Your instructions ▸ Reproduce exactly the lines of this material that begin at the line with "Calender Month |" and end at the line with "Tản nhiệt có", both included. Omit the pictures and everything else.

Information provided ▸

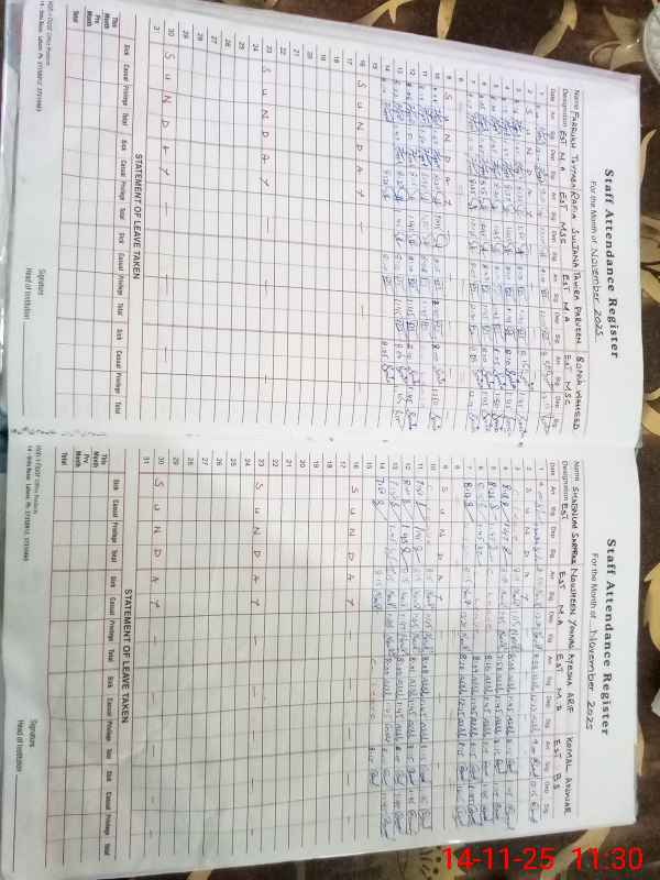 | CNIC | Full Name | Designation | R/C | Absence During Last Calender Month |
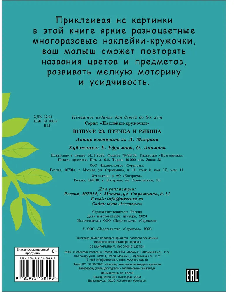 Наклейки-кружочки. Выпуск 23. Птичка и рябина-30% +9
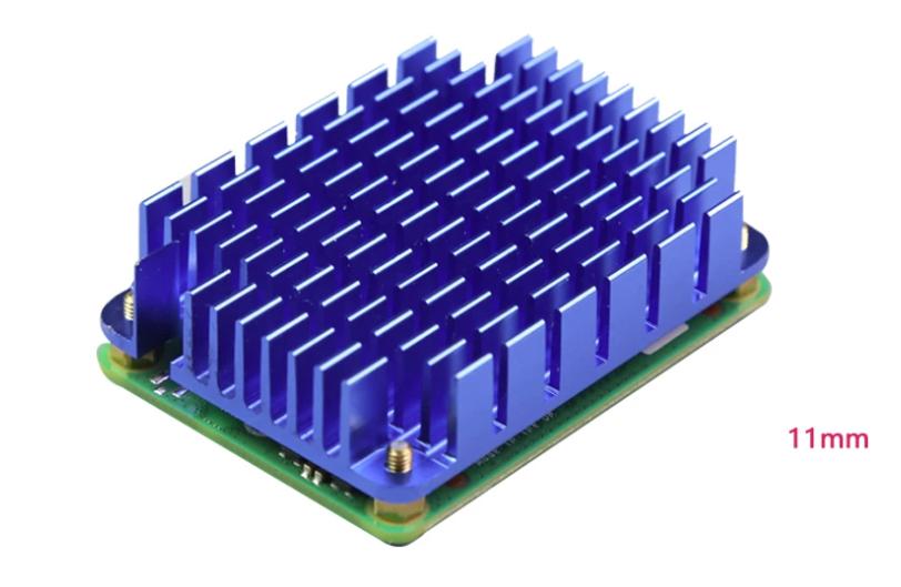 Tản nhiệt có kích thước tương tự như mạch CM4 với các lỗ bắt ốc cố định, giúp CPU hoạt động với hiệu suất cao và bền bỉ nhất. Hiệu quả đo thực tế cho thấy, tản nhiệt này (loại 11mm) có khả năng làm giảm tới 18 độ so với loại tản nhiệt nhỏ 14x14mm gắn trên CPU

==

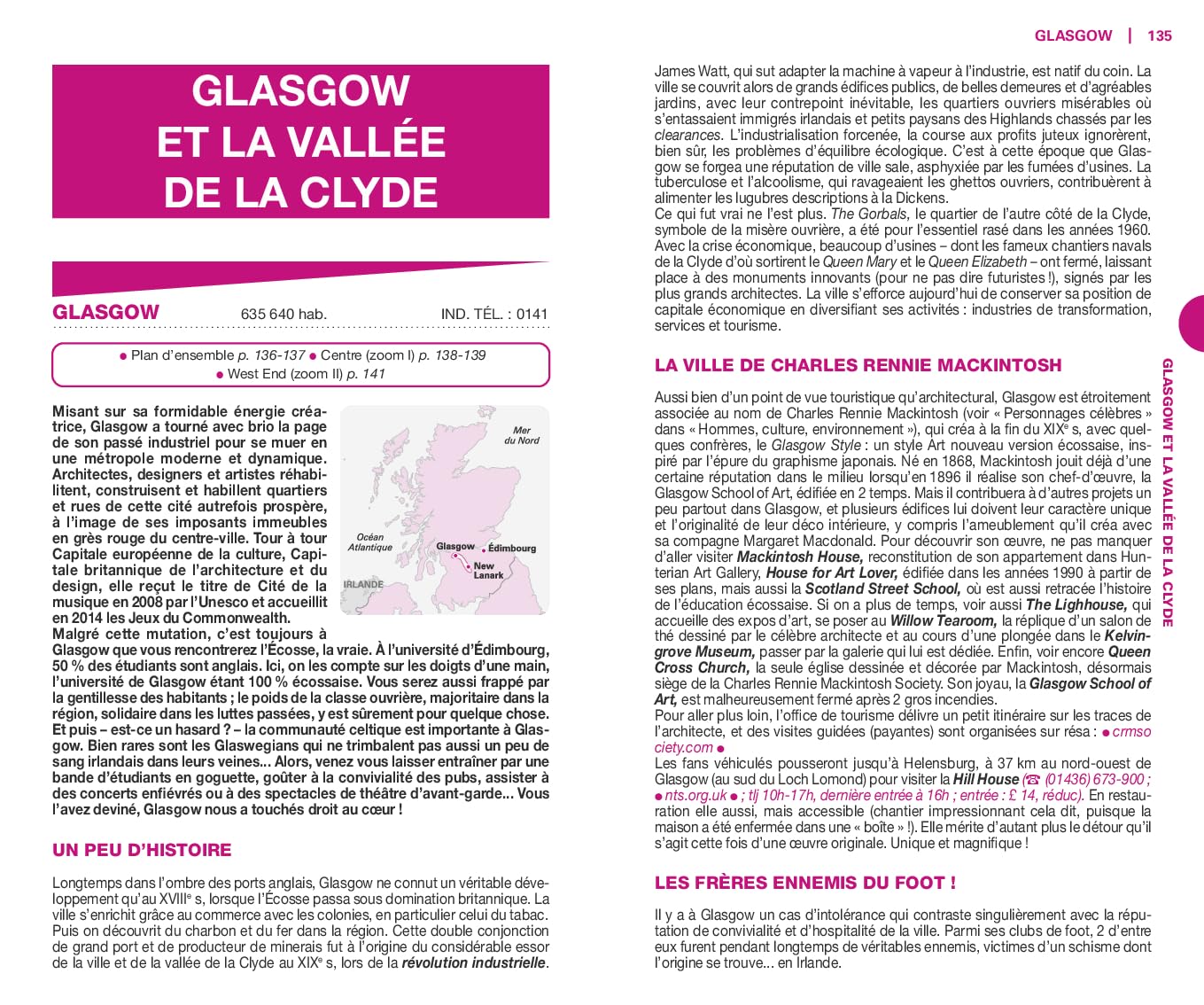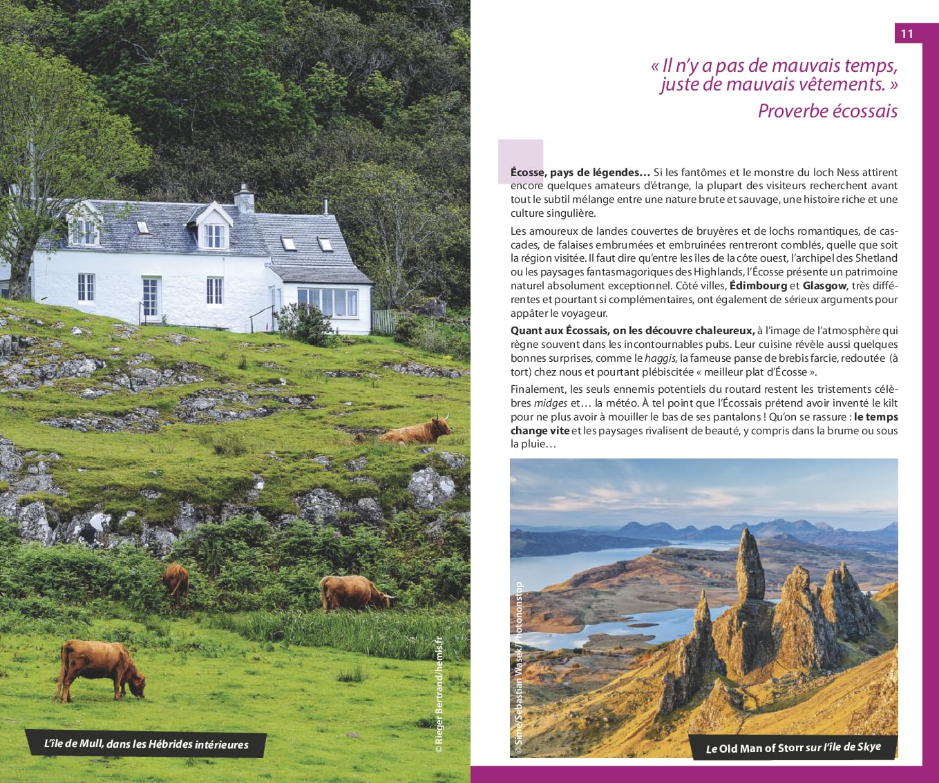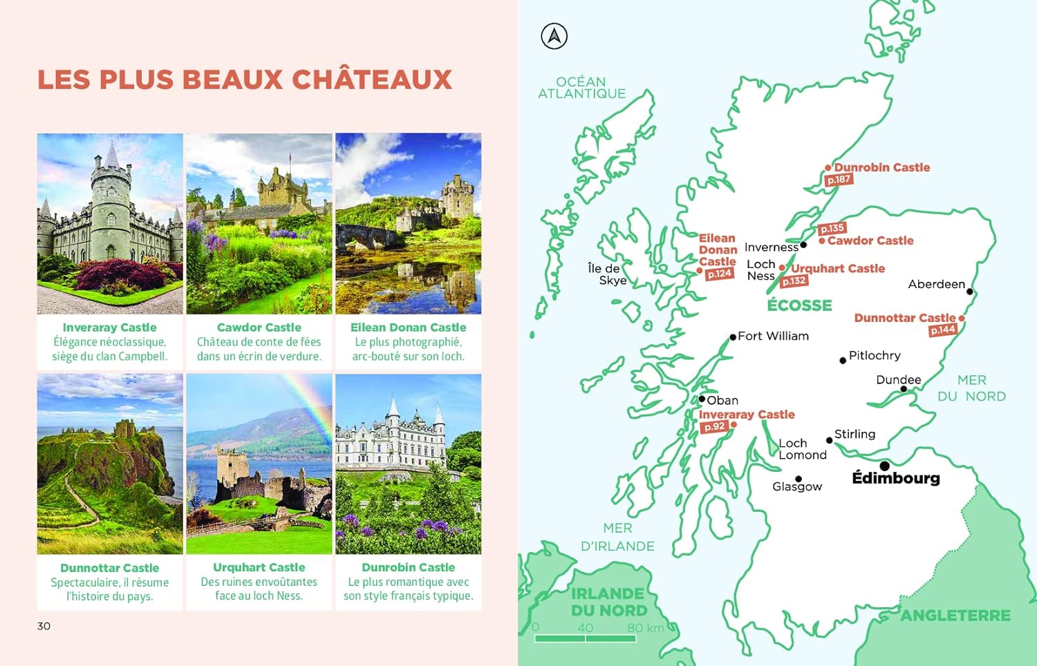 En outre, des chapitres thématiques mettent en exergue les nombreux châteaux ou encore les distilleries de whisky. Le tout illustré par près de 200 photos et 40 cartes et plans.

...

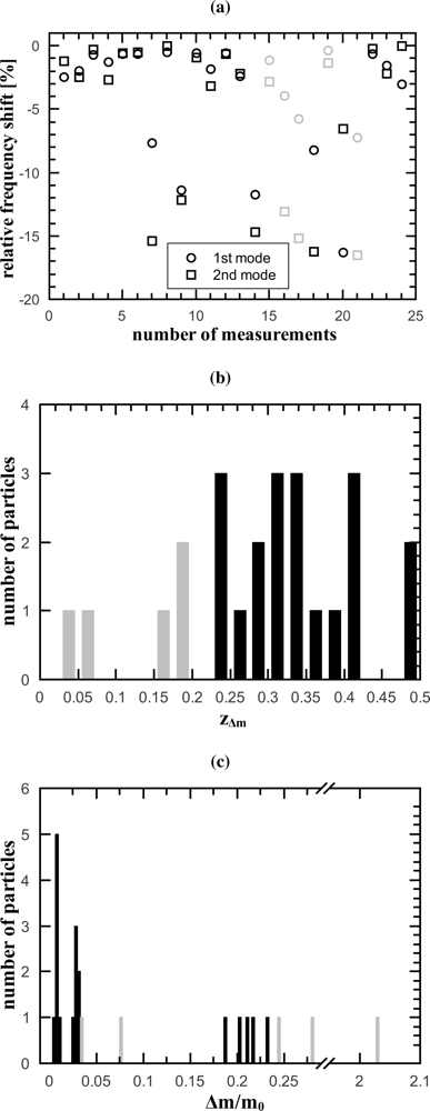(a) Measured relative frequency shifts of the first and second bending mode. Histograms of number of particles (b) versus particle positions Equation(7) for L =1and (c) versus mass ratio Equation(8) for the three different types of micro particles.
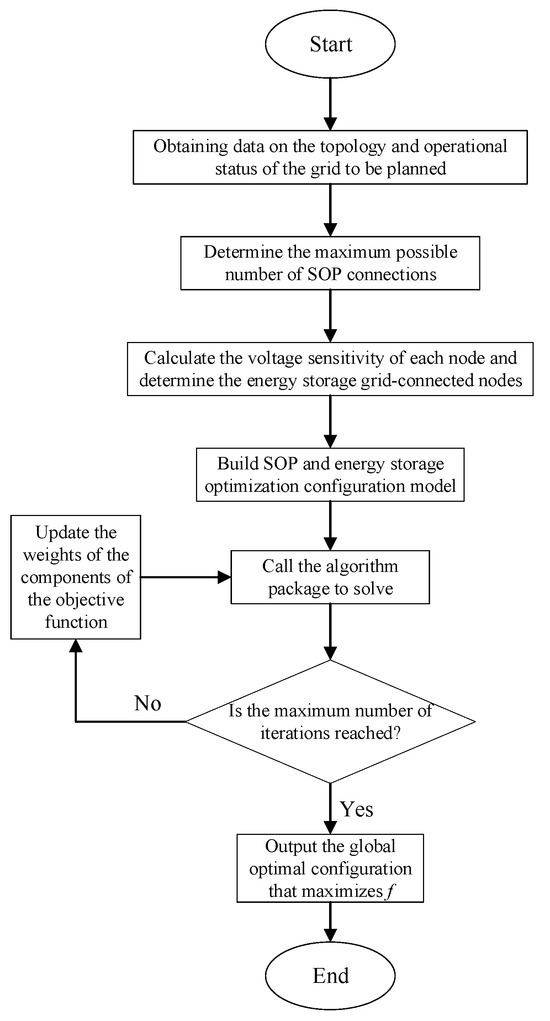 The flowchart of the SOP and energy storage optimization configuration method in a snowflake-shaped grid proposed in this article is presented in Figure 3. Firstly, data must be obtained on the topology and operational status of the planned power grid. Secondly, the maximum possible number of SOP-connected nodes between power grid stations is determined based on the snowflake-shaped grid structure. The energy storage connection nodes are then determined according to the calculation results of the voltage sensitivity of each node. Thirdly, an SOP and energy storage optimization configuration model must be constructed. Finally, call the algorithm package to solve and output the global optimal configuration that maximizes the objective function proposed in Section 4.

Reply ▸
 | CNIC | Full Name | Designation | R/C | Absence During Last Calender Month |
 Наклейки-кружочки. Выпуск 23. Птичка и рябина-30% +9
 Tản nhiệt có kích thước tương tự như mạch CM4 với các lỗ bắt ốc cố định, giúp CPU hoạt động với hiệu suất cao và bền bỉ nhất. Hiệu quả đo thực tế cho thấy, tản nhiệt này (loại 11mm) có khả năng làm giảm tới 18 độ so với loại tản nhiệt nhỏ 14x14mm gắn trên CPU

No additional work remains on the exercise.